# How Does This *$#!!&## Coupling Work?



## Reverie (Aug 9, 2004)

Ever since we bought this trailer I have had an ongoing battle with the hitch coupling on the trailer. Actually, I'm not sure what the coupling is called. Let me describe it. It is the part furthest forward on the trailer, designed to couple with the hitch ball.

Question #1: What is this thing actually called?

The locking mechanism doesn't seem to work smoothly. It is forever getting stuck either in the locked or unlocked position. Right now I can't tow until I figure out how to get the blasted thing untuck and locked down. I have hooked and unhooked the trailer from the ball yet it persists on staying in the back(?) position. When I drop the trailer onto the ball it acts like it is locked but I haven't snapped it down.

Question #2: How does this thing actually work?

There must be some sort of ongoing maintenance I can perform on this. Do I grease it? Oil it? Scratch it behind it's ears?

Question #3: How do I maintain this?

Reverie


----------



## hatcityhosehauler (Feb 13, 2004)

Does the coupler lock move freely when not attached to the ball. If not, it may need some serious lubrication. If it is only difficult to operate when connected to the TV, there may be to much tension on the lock. If you can't get the latch to lock, lower the tongue completely, then get in the TV, and pull forward slightly to remove any slack in the system. Then try to latch it again. If it sticks while unhooking, try unlatching after raising the tongue jack completely off the ground. This hopefully should do the trick.

Tim


----------



## Paul_in_Ohio (Sep 29, 2004)

I agree with everything that Tim stated. I also had problems, but not to the extent you seem to be having. Dropping the coupler on the ball and pulling forward just enough to take up the slack works for me. then just lift up on the latch, slide it forward and make sure it locks into position. Don't forget to pin it. Mine did not come with a pin and I had to pick one up.


----------



## Reverie (Aug 9, 2004)

I have actually tried pulling forward and backward and it hasn't helped. The latch is stuck in the up and back position.

Reverie


----------



## Paul_in_Ohio (Sep 29, 2004)

You want to make sure that you only pull forward. The ball needs to be in the front part of the coupler so that the lever can slide a cuped plate forward and under the ball. This is what helps lock the coupler to the ball.

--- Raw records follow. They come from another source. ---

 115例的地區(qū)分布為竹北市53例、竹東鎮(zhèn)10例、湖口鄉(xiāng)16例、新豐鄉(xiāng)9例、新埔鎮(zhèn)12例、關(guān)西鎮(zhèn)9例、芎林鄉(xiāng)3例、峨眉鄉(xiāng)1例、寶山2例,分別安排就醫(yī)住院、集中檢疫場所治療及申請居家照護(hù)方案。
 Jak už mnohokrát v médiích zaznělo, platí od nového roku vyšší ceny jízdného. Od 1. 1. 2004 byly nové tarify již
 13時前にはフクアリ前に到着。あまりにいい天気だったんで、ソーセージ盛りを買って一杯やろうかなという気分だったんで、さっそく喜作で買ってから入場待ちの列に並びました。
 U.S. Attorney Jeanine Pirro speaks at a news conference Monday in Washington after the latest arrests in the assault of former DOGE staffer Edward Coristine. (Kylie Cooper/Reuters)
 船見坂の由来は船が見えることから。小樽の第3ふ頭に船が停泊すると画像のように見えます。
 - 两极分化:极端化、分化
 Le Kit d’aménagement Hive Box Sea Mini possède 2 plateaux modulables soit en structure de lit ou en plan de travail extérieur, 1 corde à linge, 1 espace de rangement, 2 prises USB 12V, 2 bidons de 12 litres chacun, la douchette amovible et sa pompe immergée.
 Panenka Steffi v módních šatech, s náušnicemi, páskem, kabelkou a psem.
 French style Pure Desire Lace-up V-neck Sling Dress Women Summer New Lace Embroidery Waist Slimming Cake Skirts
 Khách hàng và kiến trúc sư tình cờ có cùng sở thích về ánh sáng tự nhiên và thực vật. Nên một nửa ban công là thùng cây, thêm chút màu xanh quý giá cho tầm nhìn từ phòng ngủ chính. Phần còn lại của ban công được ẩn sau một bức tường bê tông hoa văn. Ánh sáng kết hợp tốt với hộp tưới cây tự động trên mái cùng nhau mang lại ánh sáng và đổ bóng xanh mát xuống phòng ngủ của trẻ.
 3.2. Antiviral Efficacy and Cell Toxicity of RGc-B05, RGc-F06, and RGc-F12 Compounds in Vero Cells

I would try what Tim sugested and see if the latch slides back and forth without being on the ball. This way you can look up into the coupler and see if something is blocking the movement or if something is broken.

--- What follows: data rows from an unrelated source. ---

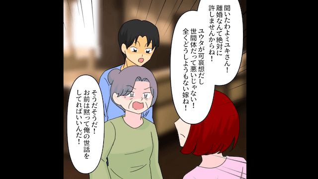 最後のチャンスを与えても改心しなかった夫に、主人公は離婚を突きつけました。 しかし夫は離婚に応じず、義母と一緒になって主人公を責めてきたのです。
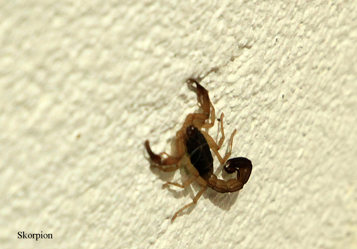 Was tun ? Der erste Gedanke war, einfach das Tier zu erschlagen, doch das widerstrebte mir irgendwie. Ich suchte nach einem geeigneten Behälter um den Skorpion vielleicht einfangen zu können. Ich fand einen leeren Mülleimer, der mir dafür geeignet erschien. Erst machten wir noch ein Foto, dann bewegte ich vorsichtig den Eimer unter den Skorpion. Doch da die Wand an dieser Stelle etwas gewölbt ist, schlüpfte das Tier blitzschnell am Eimer vorbei und verschwand in rasendem Tempo unter meinem Bett. Schnell lief ich ums Bett herum und als der Skorpion auf der anderen Seite wieder hervorkam, konnte ich mir nicht anders helfen, als ihn mit einem gezielten Tritt mit meinen Sandalen zu töten. Das tat mir sehr leid, doch in Anbetracht der Gefährlichkeit dieses Tieres, war das wohl die beste Lösung. Nach diesem Schrecken holten wir erst mal tief Luft. Dann schauten wir sorgfältig in alle Ecken des Zimmers, stellten die Koffer hoch und leuchteten unter die Betten. Außer ein paar Ameisen und einer Kakerlake fanden wir aber nichts weiteres mehr. Wir duschten noch beide und gingen dann zu Bett. Das Erlebte beschäftigte uns noch eine Weile, so dass wir erst spät einschliefen. |
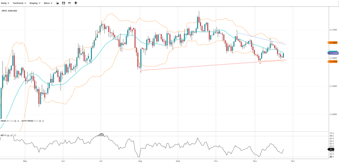 EUR/USD continues in a bearish leg of an otherwise neutral market, having not broken down past major support. The price is 1.1548 right at the VWAP. RSI at 44.7 indicates ongoing indecision. Support sits at 1.1470, resistance at 1.1638.
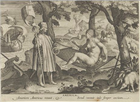 Una vez realizado este giro en la visión del indígena, este se puede emplear como cualquier otro de los bienes del paraíso. El paisaje, junto con sus habitantes, se asume abundante y dispuesto (atrevidamente representado en la ilustración que de América hace Theodor de Galle con un cuerpo femenino, dispuesto, atento y servil [figura 14]). Es justamente por estas condiciones que el europeo asume la potestad de explotar al indígena (al negro y al asiático) sin visiones mesuradas de largo aliento. Frente a lo anterior, Rosa Oviedo (1944) nos recuerda:
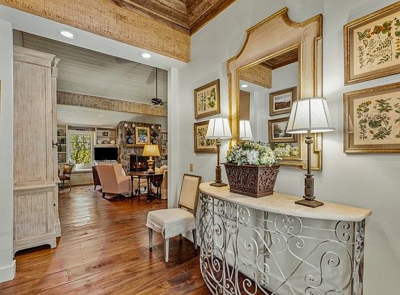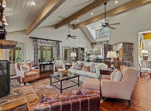 Welcome to this enchanted English cottage just minutes away from downtown Highlands. This picturesque retreat boasts a convenient single-level layout, accentuated by wide-planked hardwood floors that offer timeless elegance throughout. Step inside to discover a welcoming atmosphere, heightened by the inviting vaulted ceiling that creates an airy feel. Embrace cozy evenings by the warmth of not one, but two stone fireplaces - one nestled in the inviting great room and the other found within the expansive sunroom, offering ample space for relaxation and entertainment. Enjoy the seamless flow of the open living area, perfect for gatherings and everyday living. The master suite indulges with not one, but two bathrooms, ensuring utmost comfort and convenience. Additionally, a convenient wet bar adds a touch of luxury to this already enchanting abode.
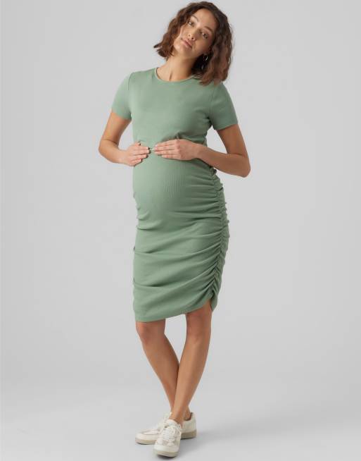 Mamalicious Maternity - Salviegrøn kortærmet midikjole med rynket side og 2 ammefunktioner
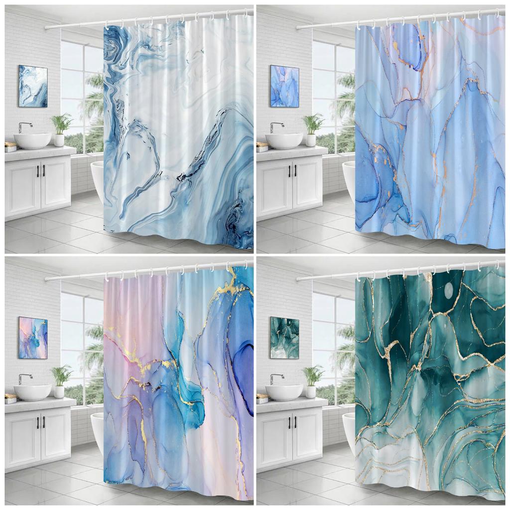 Abstract Blue Marble Shower Curtains Ink Art Textured Pattern Modern Polyester Fabric Home Bathroom Curtain Decor Set With Hooks
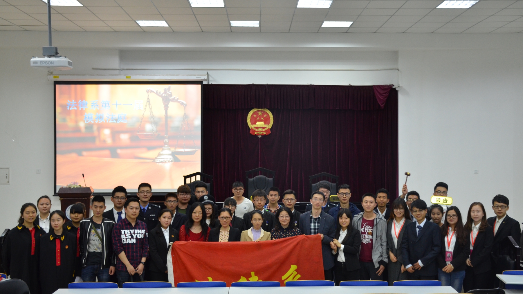 4月28日晚18:30,由法律系分團(tuán)委、學(xué)生會主辦的第十一屆模擬法庭在8-109正式開庭。法律系黨總支書記馮海燕,分團(tuán)委書記閆謖,老師劉志蘇、王哲老師、陳慧,導(dǎo)員孫超、朱嘉陽、王志潤出席了本次活動。
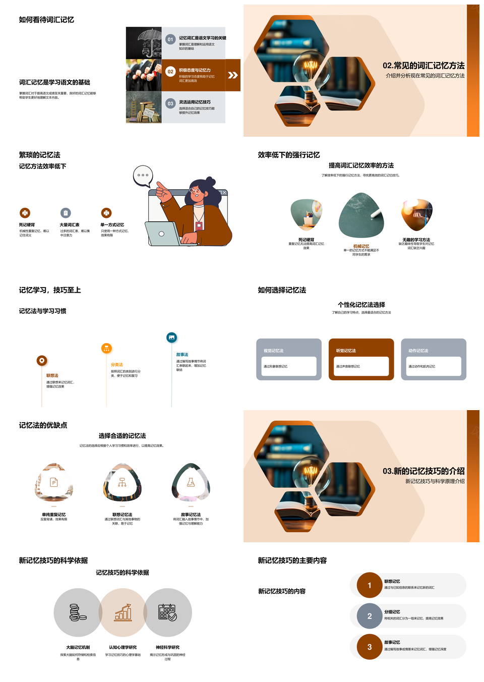 风云办公提供的词汇新记忆法提升语文成绩科学高效PPT模板,下载格式为pptx,一共33页,作品中文字及图均可以修改和编辑,图片更改请在作品中右键图片并更换,文字修改请直接点击文字进行修改。
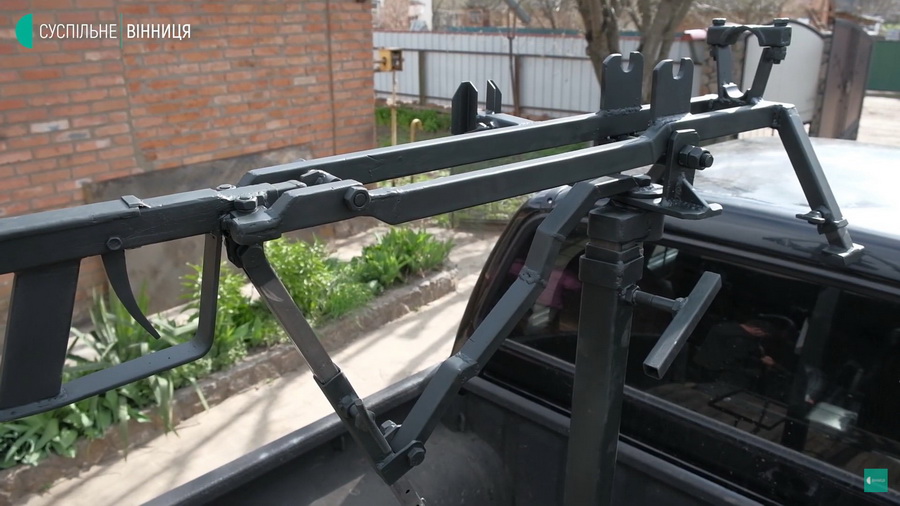 Станину встановлять на кузові пікапа, який прислали військові. Щоб це зробити, Володимир Нагорний власноруч розробив спеціальну стійку, яка кріпиться до автомобіля. Завдяки цьому вона зніматиметься.
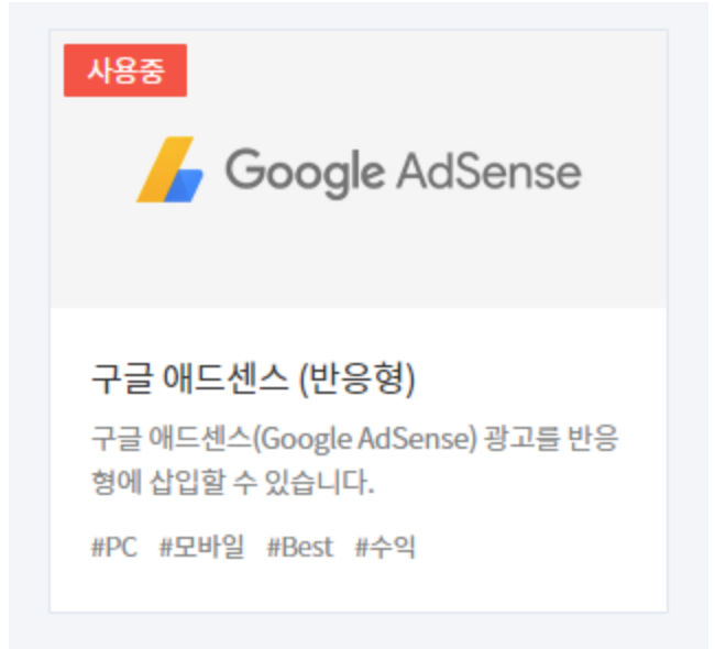 그럼 '구글 애드센스 (반응형)' 이라는 항목이 있을텐데요. 눌러 줍니다.
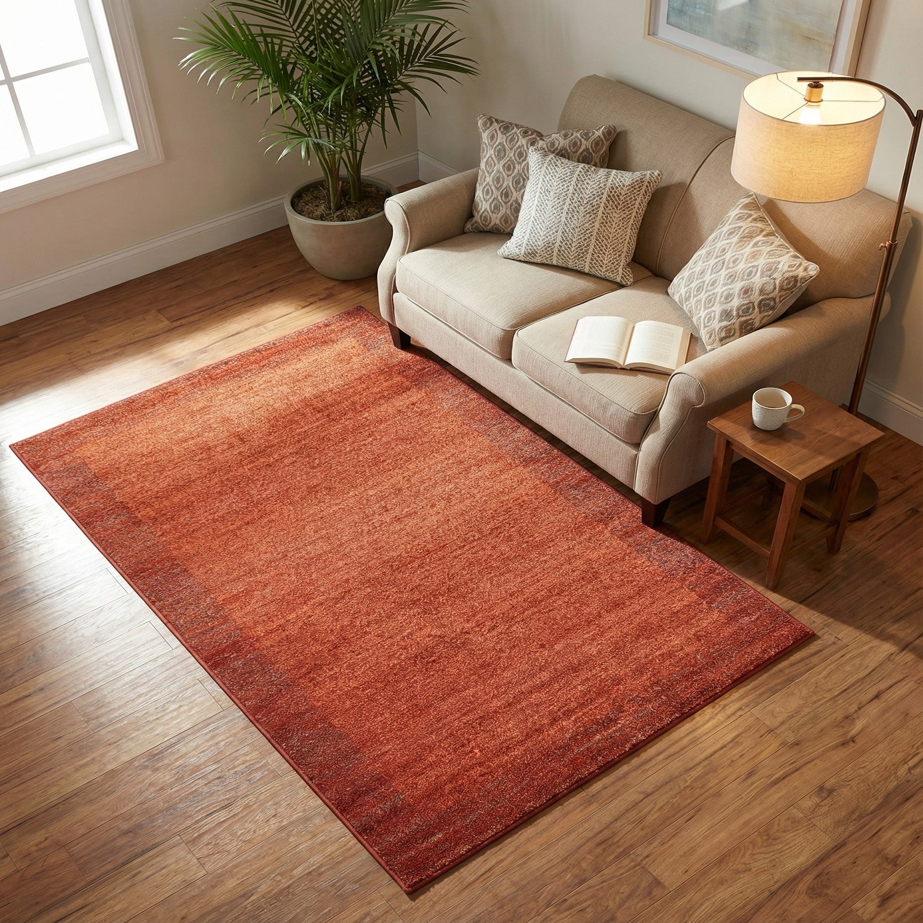 Warm terracotta provides the foundation for this rug, with rich red highlights woven throughout to create a quietly layered look. The pattern is intentionally simple: a broad, tonal field framed by a narrow, deeper-red border that adds dimension without competing with other elements in the room. The low-profile pile has a smooth, slightly lustrous surface you can feel beneath your feet, offering a restrained texture that complements both modern and transitional schemes.

If it is hard to move, you can try to grease it. Walmart sells hitch ball grease. I am sure others do also. Give that a try.


----------



## camping479 (Aug 27, 2003)

Sounds like it is stuck in the back position. If you look underneath the hitch coupler, there should be a threaded rod with a bolt on it. It is used to adjust the coupler lock back and forth if the yoke doesn't engage the ball correctly. Try tapping on that fitting underneath lightly with a hammer to knock it loose. If it doesn't go, something may be bent in there not allowing it to snap closed. If it does come loose, lube it up, mine moves very smoothly and so should yours. In the case it's bent, it will need to be taken apart and straightened out or replaced.

Mike


----------



## California Jim (Dec 11, 2003)

Is it possible to have damaged that mechanism? Ya know, like dropping the trailer on the ball with it all the way forward and locked? Seems to me you could bend it and cause trouble by doing this. It may need more than a lube job.


----------



## kjp1969 (Apr 25, 2004)

I'd spray the bejeezus out of it with WD40 and give it a whack or two with a block of wood. 'Course, this is how I approach almost every problem, from hitches to jigsaw puzzles, to computer software glitches. ;-)

Kevin P.


----------



## vdub (Jun 19, 2004)

> I'd spray the bejeezus out of it with WD40 and give it a whack or two with a block of wood. 'Course, this is how I approach almost every problem, from hitches to jigsaw puzzles, to computer software glitches. ;-)


LOL! Have you tried Windex and duct tape?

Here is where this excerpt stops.